Weekly Insight March 20 | Harris Fraser
Markets
20 March, 2020
Weekly Insight March 20

Weekly Insight March 20

usaUnited States

The global spread of the COVID-19 epidemic has not subsided, the number of cases globally has risen sharply and exceeded 230,000, and the number of deaths globally has also broken the 10,000 mark. Europe became an epicentre of the COVID-19 epidemic, virus deaths in Italy alone surpassed Chinese figures. However, the selloff in US stocks has shown signs of easing. Over the past 5 days ending Thursday, the Dow fell 5.25%; the S&P 500 lost 2.87%; while the NASDAQ has the smallest drop of only 0.71%. US equity markets recorded the worst one-day percentage drop since 1987 on Monday, and triggered the ‘Circuit Breaker’ several times in recent weeks. Apart from stock markets falling, it was surprising that other assets classes also experienced significant selloffs, this includes traditional safe haven assets such as investment grade bonds and gold. The common consensus on the cause of the prolonged market fall was mainly driven by large-scale deleveraging factors, resulting in virtually all financial assets being sold in the market for cash. Therefore, the US dollar index which reflects the strength of the Dollar has also risen sharply. In terms of international oil prices, after Saudi Arabia insisted on increasing crude oil production, WTI Crude briefly touched the level of US$ 20.06 per barrel, before rebounding to around $26.6/barrel at the time of writing.

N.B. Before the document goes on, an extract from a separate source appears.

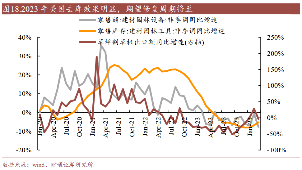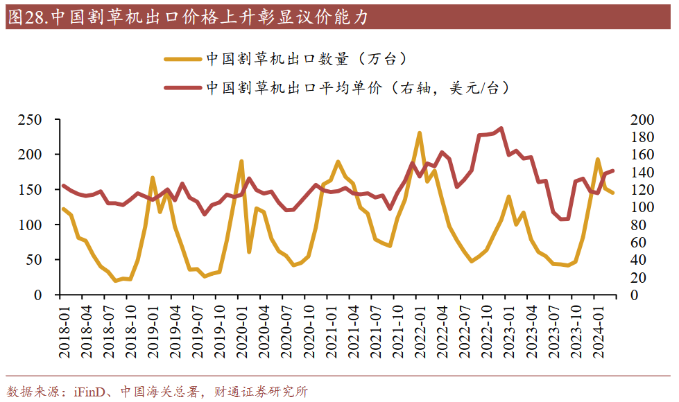 OPE出口价格上升彰显议价能力。以OPE核心产品割草机为例,1Q24中国割草机(包括割刀水平旋转草坪、公园或运动场机动割草机)出口均价为131.59美元/台,环比增加4.17%,说明中国割草机企业有一定议价能力,能将成本压力转移至下游企业。同时,受价格上涨、海运费高昂与原材料上涨等多重影响,2023年中国出口割草机数量为946.15万台,同比下降27.3%。

At the moment, the fed funds rate is down to 0.00 - 0.25 %, and President Trump has signed the second epidemic relief bill of US$ 1.2 trillion, the market is still evaluating the effectiveness of the latest rescue measures.

euroEurope

The number of new cases of COVID-19 in the world has increased sharply, and Italy has become the epicentre of the ongoing epidemic, Prime Minister Conte will announce the extension of the national lockdown and school suspension. Britain however has rejected plans to lockdown London, and Prime Minister Johnson claimed that the government can get the situation under control within 12 weeks. In order to combat the impact of the virus epidemic on people’s livelihood and the economy, the European Central Bank announced an asset purchase plan of 750 billion euros; the Bank of England also cut interest rates by 0.15% to 0.1%, and extended the scale of the bond purchase program by 200 billion Pounds. Over the past 5 days ending Thursday, the UK, French and German indexes fell 1.64% to 6.01%.

chinaChina

The COVID-19 epidemic brought challenges to the Chinese economy, and the country’s industrial production, retail sales, and fixed investment growth figures have all seen sharp falls in February. However, the epidemic seems to be fading out in China. This week, the country reported zero locally transmitted cases, the first time since the outbreak. Over the week, the CSI 300 and the Hang Seng Index fell 6.21% and 5.11% respectively. China announced today that its one-year and five-year LPRs will not be adjusted, while the market had originally expected them to be reduced by 5 basis points each. At the moment, market expects that The two sessions will be postponed until late April or early May. Industrial profits data will be published next week.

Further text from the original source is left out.